### Exercise directions
Write out the data that follows exactly, keeping every picture out.

### Source material
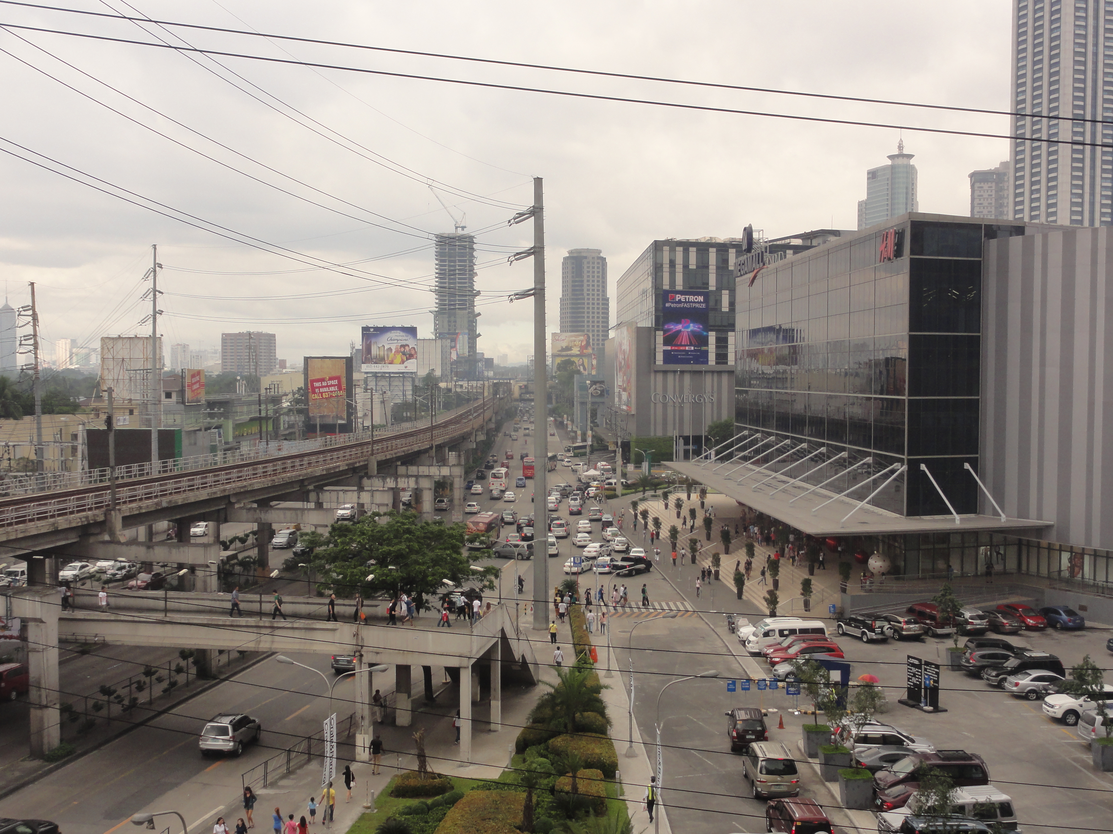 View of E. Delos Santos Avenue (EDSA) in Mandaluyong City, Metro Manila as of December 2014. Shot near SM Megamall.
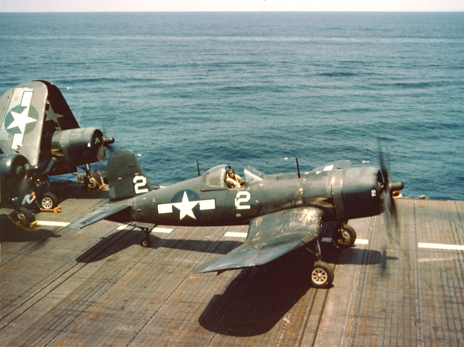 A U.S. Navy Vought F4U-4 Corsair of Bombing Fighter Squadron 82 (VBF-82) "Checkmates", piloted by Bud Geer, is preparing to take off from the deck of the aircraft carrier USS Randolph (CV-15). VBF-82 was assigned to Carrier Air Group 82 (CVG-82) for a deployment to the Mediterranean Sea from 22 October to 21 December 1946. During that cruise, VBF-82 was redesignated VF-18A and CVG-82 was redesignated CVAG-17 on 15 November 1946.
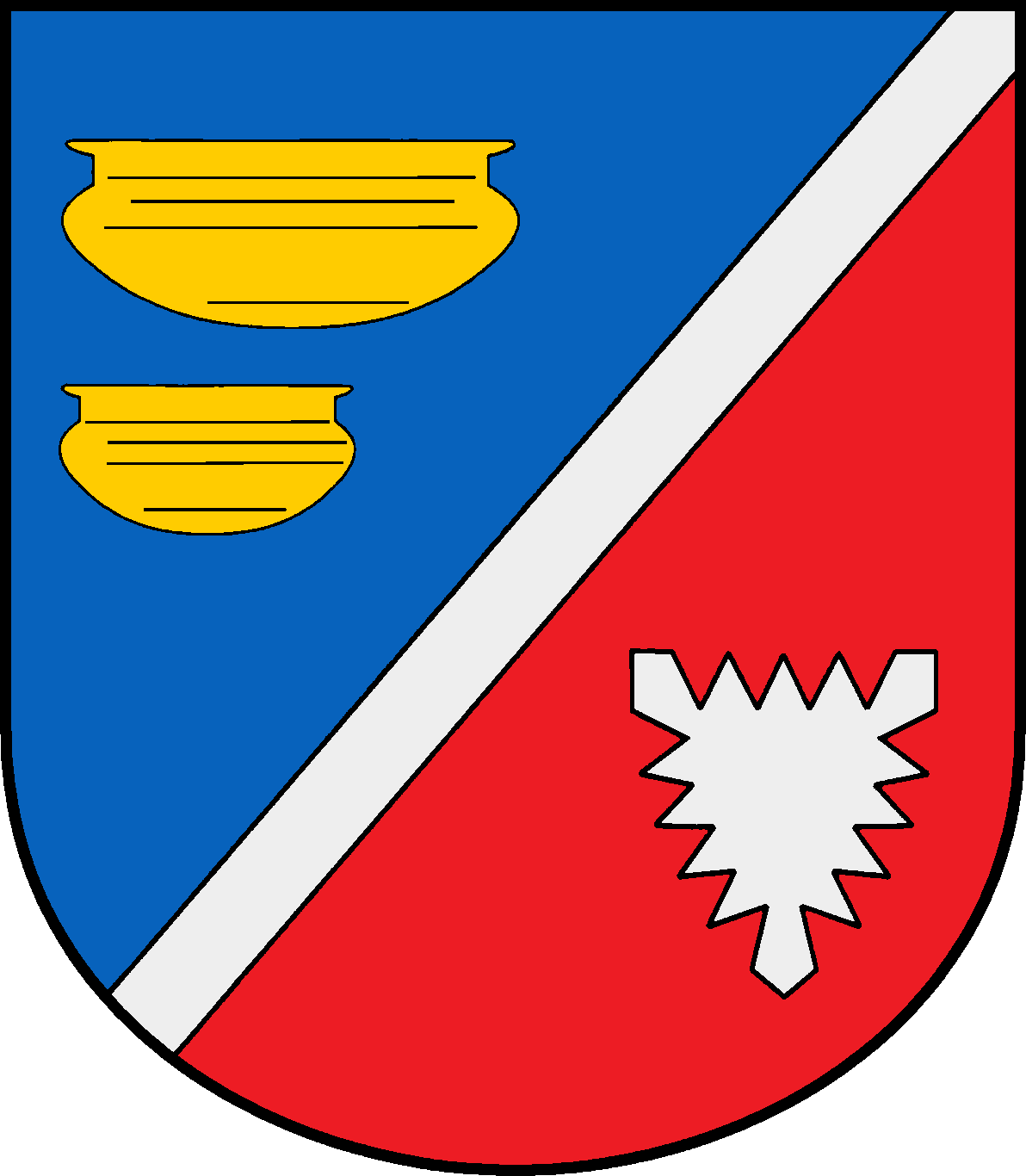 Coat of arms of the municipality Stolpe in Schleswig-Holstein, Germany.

### Solution to the exercise
 View of E. Delos Santos Avenue (EDSA) in Mandaluyong City, Metro Manila as of December 2014. Shot near SM Megamall.
 A U.S. Navy Vought F4U-4 Corsair of Bombing Fighter Squadron 82 (VBF-82) "Checkmates", piloted by Bud Geer, is preparing to take off from the deck of the aircraft carrier USS Randolph (CV-15). VBF-82 was assigned to Carrier Air Group 82 (CVG-82) for a deployment to the Mediterranean Sea from 22 October to 21 December 1946. During that cruise, VBF-82 was redesignated VF-18A and CVG-82 was redesignated CVAG-17 on 15 November 1946.
 Coat of arms of the municipality Stolpe in Schleswig-Holstein, Germany.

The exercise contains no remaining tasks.